Recently, I caught up with a friend from university. In the 20 years since we met, he’s pursued a career as an academic scientist. I have become a commercial barrister. Over coffee, my friend was surprised that I was planning on doing a few hours work later that day (a Sunday). He asked when things would change so that I could write a history book (his understanding being that this was part of the natural career progression at the bar).

Once I’d finished making flippant comments about his charming but possibly old-fashioned perception of the bar, I paused to think. Could or should I want to work fewer days in the week? Did I have to work at a weekend?

Working hours are a hot topic generally. Articles about the four-day week and the benefits of a taking breaks from work have been popping up in the press. There have been two recent reports on the topic; one from the think-tank Autonomy “The Shorter Working Week” and one analysing a four-day week pilot conducted by Perpetual Guardian, a New Zealand financial services company.

Moreover, in January 2019 Richard Atkins QC, chair of the Bar gave an interview to The Times in which, as the headline put it, he “…calls for end of email tyranny”. While he mostly had the criminal bar in mind, his remarks were not limited to those practitioners. Few could disagree with his observations that “technology is very good but it does suck us into a 24/7 365 days a year culture,” and that “there is a danger that we are expected to be on parade 24 hours a day, seven days a week and that isn’t good for anybody.

Finally, I looked at the Bar Council’s 2017 Working Lives survey. Even[1] in purely chancery or commercial areas some 40% of respondents were unable to agree with the statement “I am happy with my working hours”. The survey and anecdotal evidence suggests that the problem is long or unpredictable hours. I therefore asked myself, could the four-day week bring benefits for the self-employed bar? What other solutions might there be?

Is the four-day week a solution?

The recent Perpetual Guardian trial showed that there had been no reduction in output and that employees were happier with improved work-life balance. The employees worked fewer days but the reward for the employer remained the same. The full benefits of the four-day week do not, however, translate perfectly to the self-employed sphere (indeed, the Autonomy report which advocates a four-day week refers to the self-employed only once). There are financial and logistical issues.

Other than for trial work, much work at the self-employed commercial bar is remunerated with an hourly rate. It is not possible simply to work less but maintain the same fee income. The advantage of improved productivity cannot exist.

Even if a barrister were to choose to exchange time for money, there are also significant logistical challenges to a four-day week. Notably, hearings are fixed for every day of the week. That’s not to say it’s impossible to work a four-day week and I know one or two barristers who do so successfully. However, some flexibility is required if full week hearings are to be accommodated. For most people the four-day week is not likely to be the answer to their unhappiness with working hours.

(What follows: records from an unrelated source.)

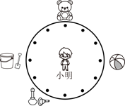 小明面向升旗台站立,他的3点钟方向是操场。现在小明向后转,这时操场在他的( )点钟方向。
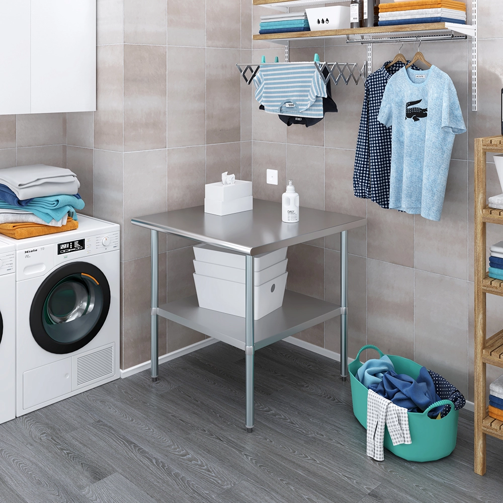 A key feature of this work table is the adjustable undershelf, which offers additional storage space for tools, supplies, and equipment. This undershelf can be positioned at your preferred height, allowing for customized storage solutions that meet your specific needs. Whether you need to store heavy equipment or small utensils, this versatile shelf enhances the functionality of your workspace by keeping essential items within easy reach.
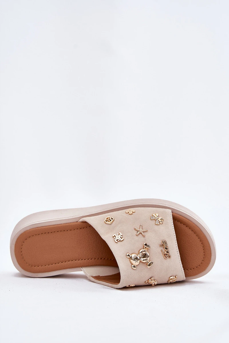 Dámské Semišové Pantofle S Připínáčky Vinceza 66741 Béžové
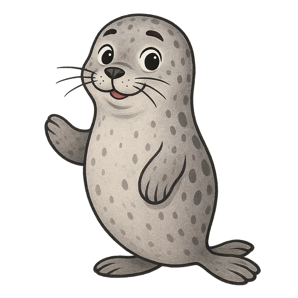 Hello there. I am a harbor seal, and you can probably recognize me by my spotted coat, which can be tan, silver, or even dark brown. I have big, dark eyes that help me see underwater and very sensitive whiskers that tickle in the breeze. I was born on a rocky shore one spring. The air was cool, but I was ready for the world. Just a few hours after I was born, I was already in the water, learning to swim alongside my mother. She had very special milk for me. It was super-rich and full of nutrients, which helped me quickly build a thick layer of blubber under my skin. This blubber is like wearing a warm, waterproof coat all the time, which is very important for staying warm in the cold ocean water where I live. This special coat of blubber was my first defense against the chilly sea and helped me get ready for a lifetime of adventures.
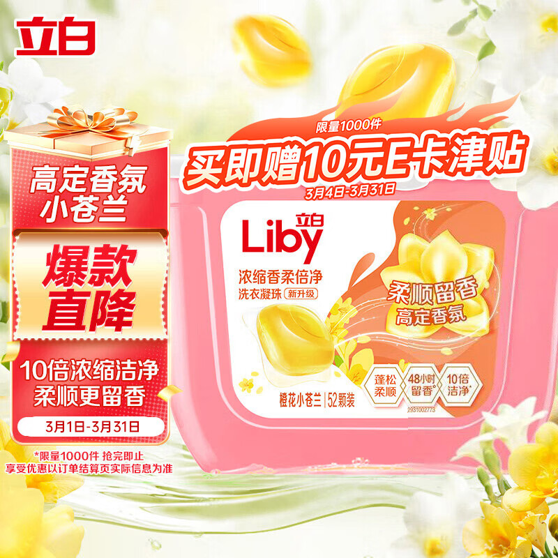 立白小苍兰洗衣凝珠 52 颗仅需 4.8 元
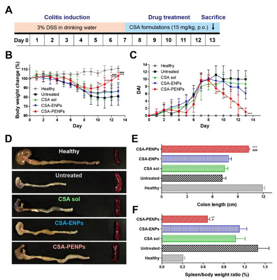 Colon length and spleen/body weight ratio were measured as parameters of colitis severity on day 13. Owing to severe inflammation, the colon length of the untreated group was shorter than that of healthy mice (Figure 5D,E). Treatment with the CSA solution or CSA-ENPs did not affect colon length, indicating that these treatments could not mitigate inflammatory reactions in the colon. However, after 6 days of treatment with CSA-PENPs, the colon length was significantly recovered compared to that of the CSA-ENP-treated and untreated group (p < 0.001), and displayed the potent anti-inflammatory effects provided by the targeted delivery of CSA to the colitis tissues. The enhanced anti-inflammatory effects of CSA-PENPs were also confirmed by the spleen/body weight ratio assessment. As shown in Figure 5F, the spleen/body weight ratio was markedly increased in the CSA solution, CSA-ENP-treated and untreated groups resulted from the severe inflammation. On the other hand, that of the CSA-PENP-treated group was significantly reduced compared to that of the untreated and CSA-ENP-treated groups (p < 0.001 and p < 0.05, respectively) due to the potent anti-inflammatory effects of the CSA-PENPs. Taken together, owing to the enhanced CSA accumulation in inflamed lesions in the distal colon via colitis-targeted delivery, CSA-PENPs exhibited potent anti-inflammatory effects.

How else can working hours be controlled?                                                                

The simple way to avoid too much work is just to say no. That may not be realistic. As Riaz Hussain QC observed in his blog, there is always the fear of work famine and, sometimes, it’s just not easy to predict how long a task will take.

Controlling working hours is desirable though. A range of studies show that taking breaks from work improves wellbeing and effectiveness. That would benefit all involved in a case and, ultimately, the client. Taking breaks (even lunchbreaks) only works if they are used for activities unrelated to work. That requires switching off from your email.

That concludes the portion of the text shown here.